== Material for this exercise ==
────────────────────────────────────────
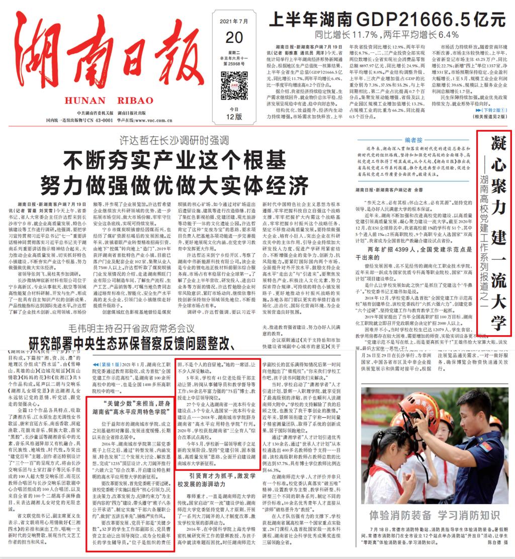 《湖南日报》7月20日头版报道我校以高质量党建引领高质量发展,凝心聚力建设一流大学。
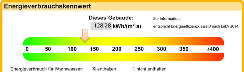 | Energieverbrauchskennwert | 128,28 kWh/(m²a) [inkl. Warmwasser] |
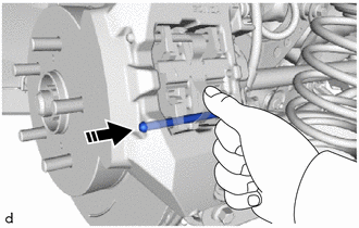 | (b) While pressing the rear disc brake anti-rattle spring, install the rear disc brake anti-rattle pin (lower side). |
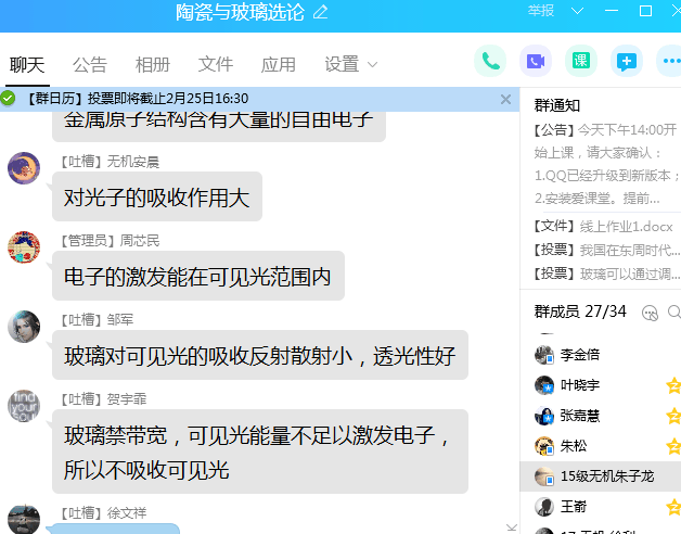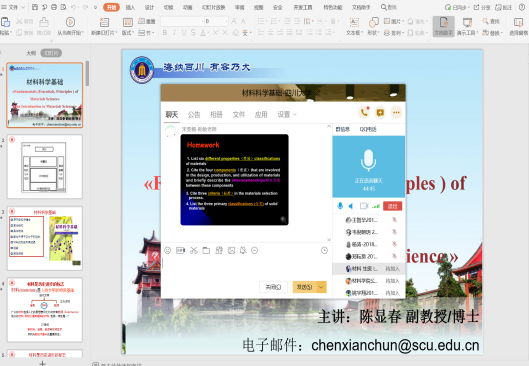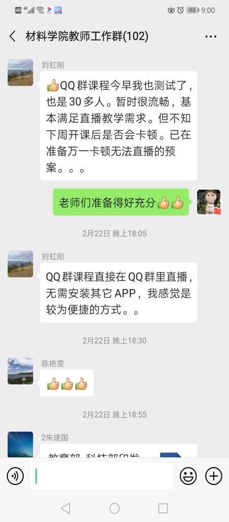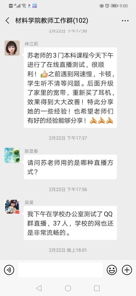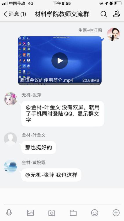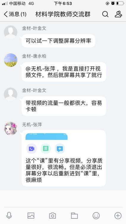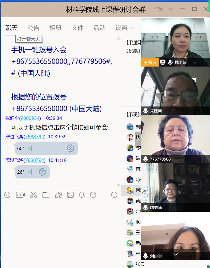 在培训交流会上,学院教学副院长林江莉教授和金属材料系叶金文教授分别分享了腾讯会议平台授课和QQ群投屏PPT双屏授课的经验,院内老师就如何实现教学工具的切换、如何调动学生主动性、如何保证教学互动效果与及时性等问题,在学院工作群里展开了热烈的讨论和交流。
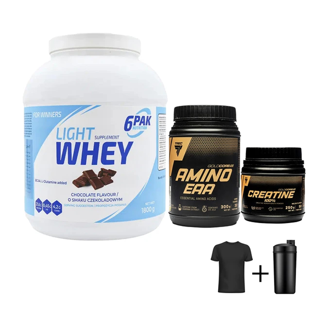 پک پودر لایت وی سیکس پک با طعم شکلات، پودر کراتین، پودر آمینو ای ای ای به همراه تیشرت و شیکر
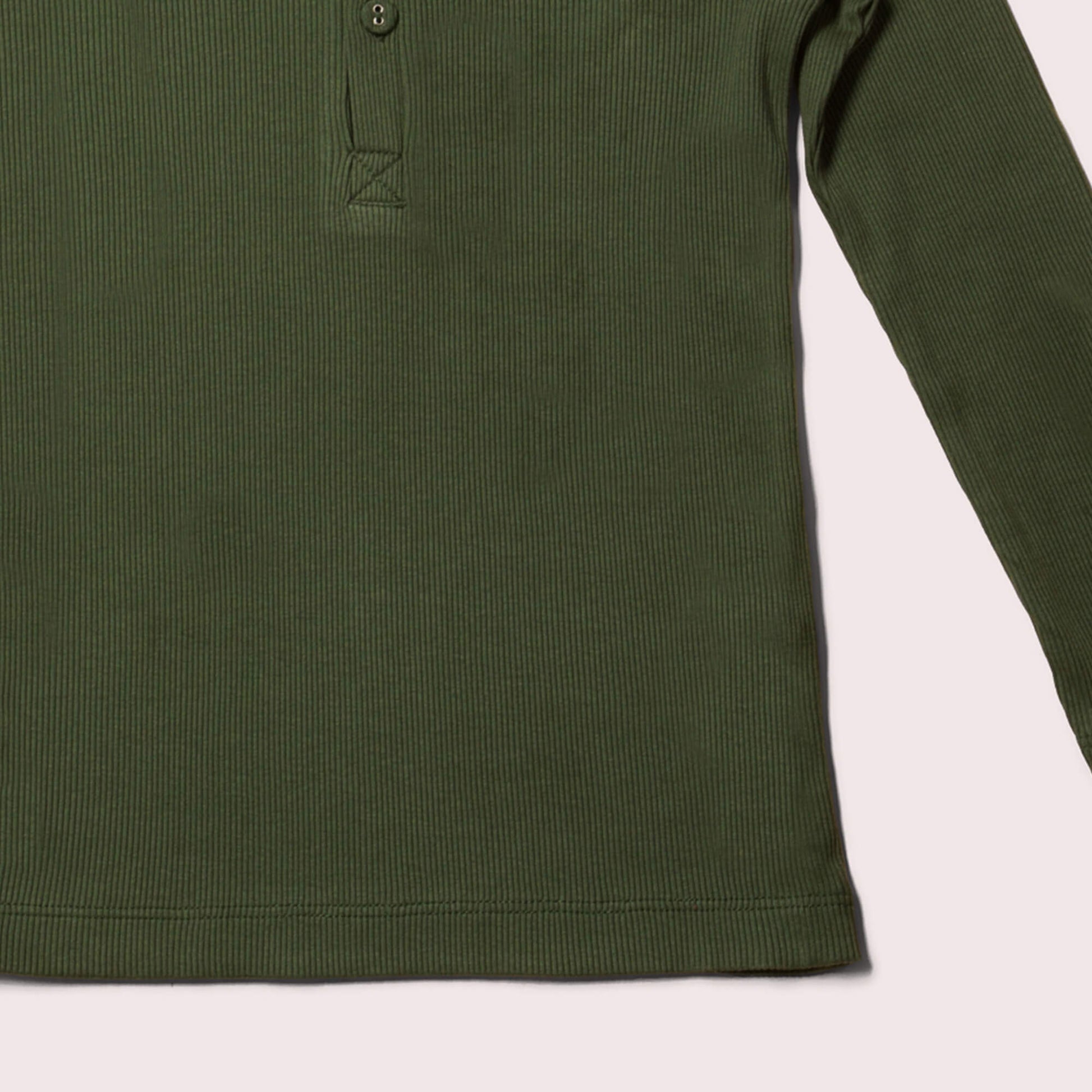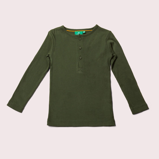 Olive Ribbed Long Sleeve Henley Top
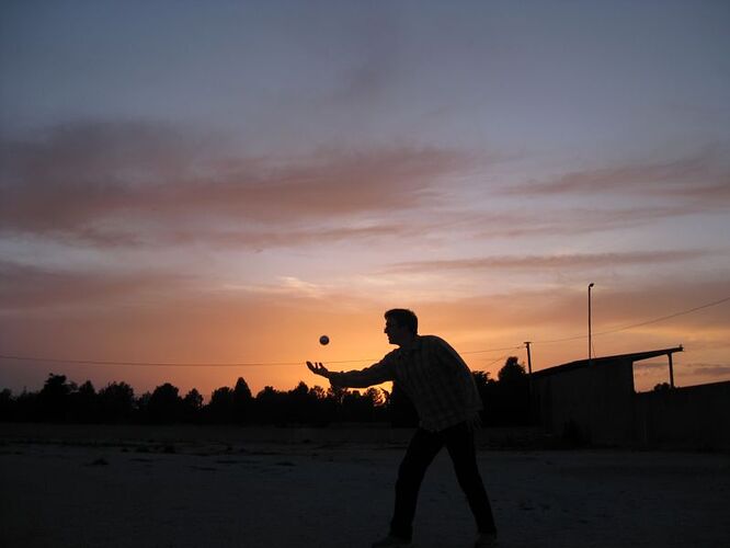 Voilà, on jouait à la pétanque dans le sud avec des potes, le Soleil se couche, je sors l’appareil, un pote est dans la mire, tant pis il est sur la photo
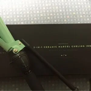 Harry Josh Pro Tools curling iron in mint green. Features a sleek black handle. Marcel Iron
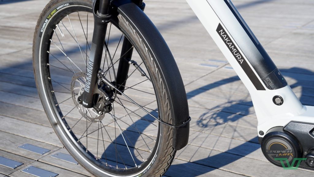 Une grosse partie du confort est assurée par les pneus Schwalbe The Green Marathon, la version la plus « écologique » des pneus increvables du fabricant allemand. Avec une largeur de 60 mm, ils offrent un beau volume d’air pour amortir les petits chocs. Surtout, ils offrent une très bonne résistance aux crevaisons avec un indice de 105. En comparaison, le Marathon Plus obtient 117 et le Marathon E-Plus, le pneu le plus résistant du marché, atteint 163. Le fabricant Nakamura a fait un excellent choix pour des pneus de première monte.
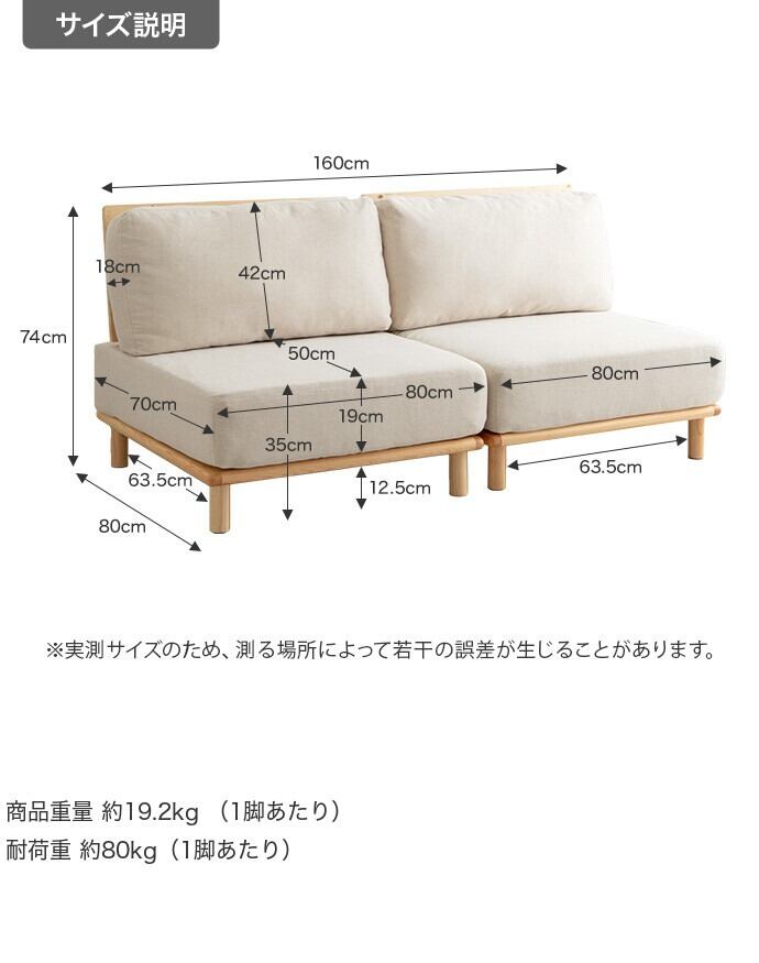 幅160cm(80cm+80cm)×奥行80cm×高さ74cm (座面高:35cm)
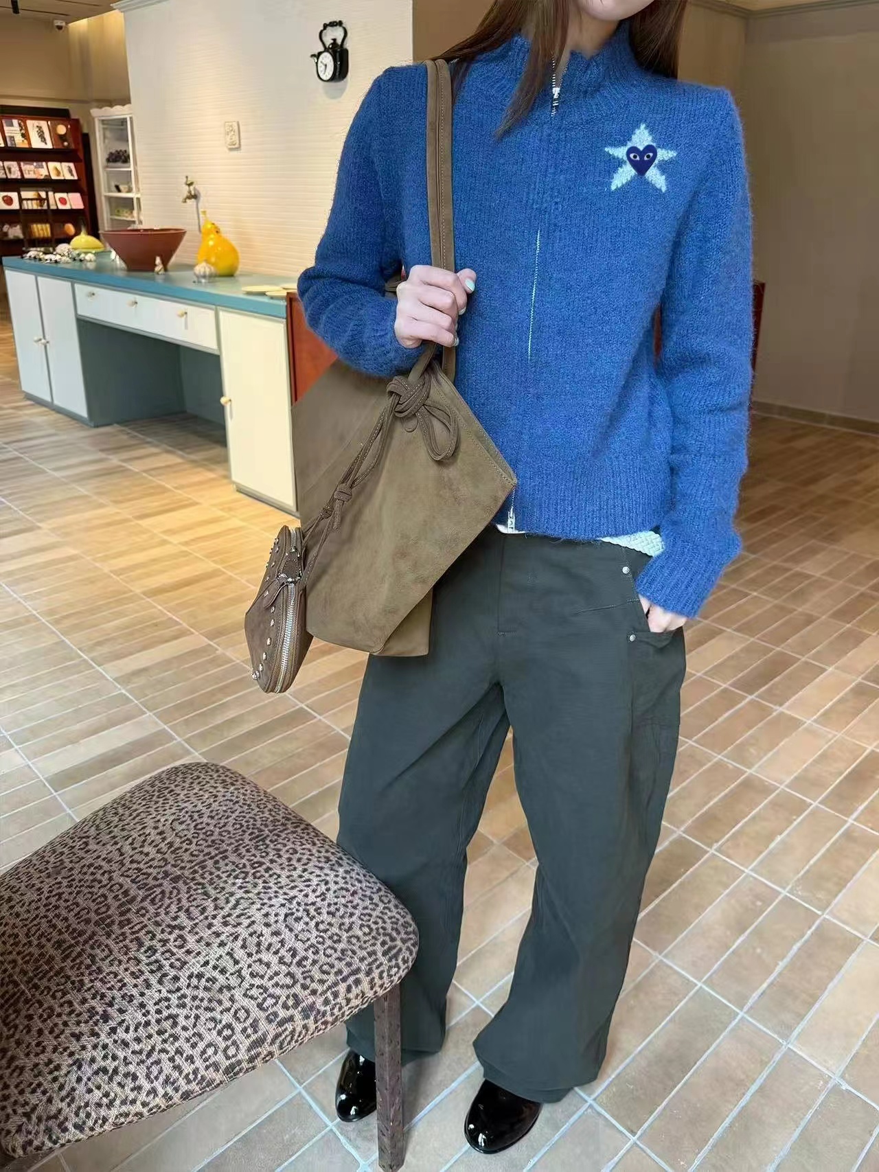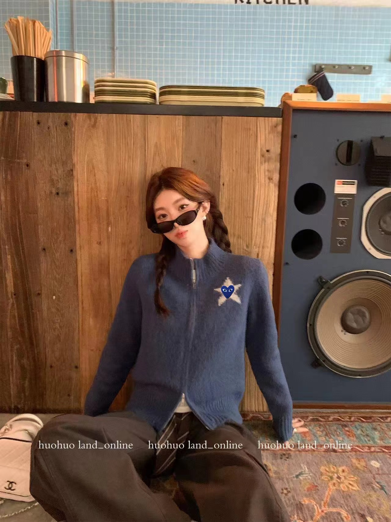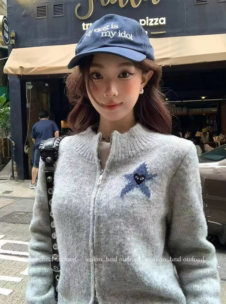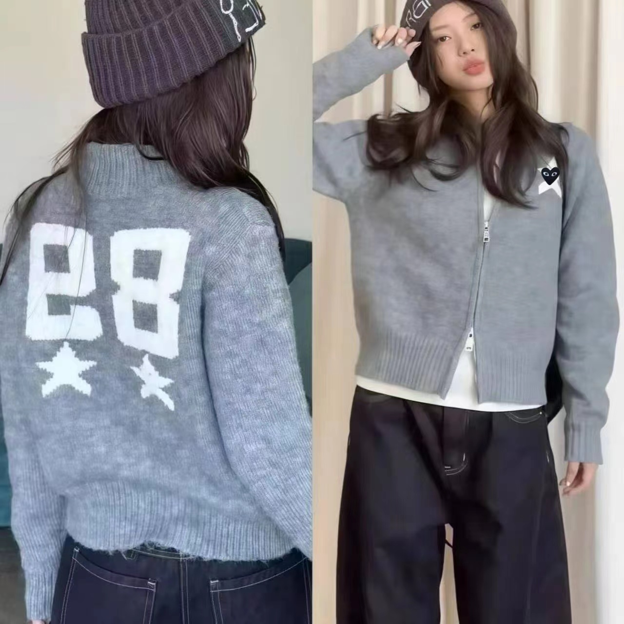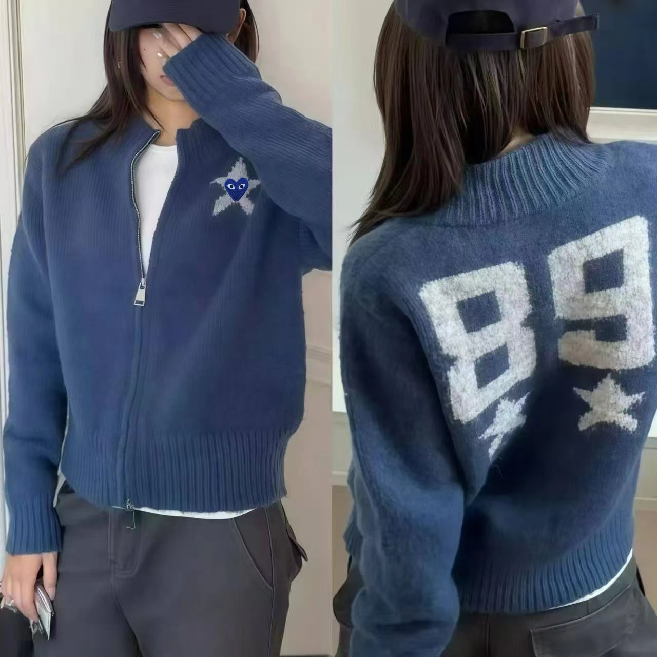 秋冬款的针织拉链开衫,整体风格偏韩系慵懒风,立领半高领设计,搭配全拉链,是短款或常规长度的合身版型,方便日常穿脱。看起来是柔软的羊毛(或羊毛混纺)材质,表面有细腻的针织纹理,保暖又有质感。正面胸口有一个白色立体星星刺绣,星星中间还有一个小的黑色爱心图案,很有设计感。背面印有(或绣有)白色的“89”数字和小星点缀,增加了复古和个性的氛围。
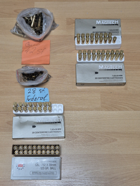 Verkaufe 7,62x39 Magtech Munition 37 Stück+ Hülsen 106 div. Hersteller ( 42 St. Geco, 28 St. Federal, 16 St. Magtech, 20 Stück WCC.
────────────────────────────────────────
== Aim of the exercise ==
What should be set down is every line from the opening of the records through the line that contains "پک پودر لایت", exactly, with pictures left out.

== Result of this task ==
 《湖南日报》7月20日头版报道我校以高质量党建引领高质量发展,凝心聚力建设一流大学。
 | Energieverbrauchskennwert | 128,28 kWh/(m²a) [inkl. Warmwasser] |
 | (b) While pressing the rear disc brake anti-rattle spring, install the rear disc brake anti-rattle pin (lower side). |
 在培训交流会上,学院教学副院长林江莉教授和金属材料系叶金文教授分别分享了腾讯会议平台授课和QQ群投屏PPT双屏授课的经验,院内老师就如何实现教学工具的切换、如何调动学生主动性、如何保证教学互动效果与及时性等问题,在学院工作群里展开了热烈的讨论和交流。
 پک پودر لایت وی سیکس پک با طعم شکلات، پودر کراتین، پودر آمینو ای ای ای به همراه تیشرت و شیکر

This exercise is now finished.